▸ The input

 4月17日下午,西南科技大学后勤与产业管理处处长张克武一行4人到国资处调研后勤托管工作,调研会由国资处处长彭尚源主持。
* * *
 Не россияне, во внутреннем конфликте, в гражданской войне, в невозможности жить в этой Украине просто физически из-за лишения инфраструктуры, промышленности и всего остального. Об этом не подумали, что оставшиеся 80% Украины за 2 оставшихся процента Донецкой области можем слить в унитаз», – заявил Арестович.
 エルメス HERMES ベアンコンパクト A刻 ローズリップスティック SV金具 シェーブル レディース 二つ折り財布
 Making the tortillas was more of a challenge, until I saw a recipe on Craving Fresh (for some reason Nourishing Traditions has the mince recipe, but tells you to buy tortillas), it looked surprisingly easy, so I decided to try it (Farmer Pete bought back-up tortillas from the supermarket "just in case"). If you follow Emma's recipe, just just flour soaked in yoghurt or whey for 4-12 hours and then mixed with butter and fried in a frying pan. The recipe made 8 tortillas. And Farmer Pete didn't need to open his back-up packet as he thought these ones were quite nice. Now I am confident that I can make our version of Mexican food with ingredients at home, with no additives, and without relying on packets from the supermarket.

▸ Exercise brief
Above is a listing; print exactly its lines from the one with "エルメス HERMES ベアンコンパクト" through the one with "Making the tortillas", and no other lines.

▸ Result
 エルメス HERMES ベアンコンパクト A刻 ローズリップスティック SV金具 シェーブル レディース 二つ折り財布
 Making the tortillas was more of a challenge, until I saw a recipe on Craving Fresh (for some reason Nourishing Traditions has the mince recipe, but tells you to buy tortillas), it looked surprisingly easy, so I decided to try it (Farmer Pete bought back-up tortillas from the supermarket "just in case"). If you follow Emma's recipe, just just flour soaked in yoghurt or whey for 4-12 hours and then mixed with butter and fried in a frying pan. The recipe made 8 tortillas. And Farmer Pete didn't need to open his back-up packet as he thought these ones were quite nice. Now I am confident that I can make our version of Mexican food with ingredients at home, with no additives, and without relying on packets from the supermarket.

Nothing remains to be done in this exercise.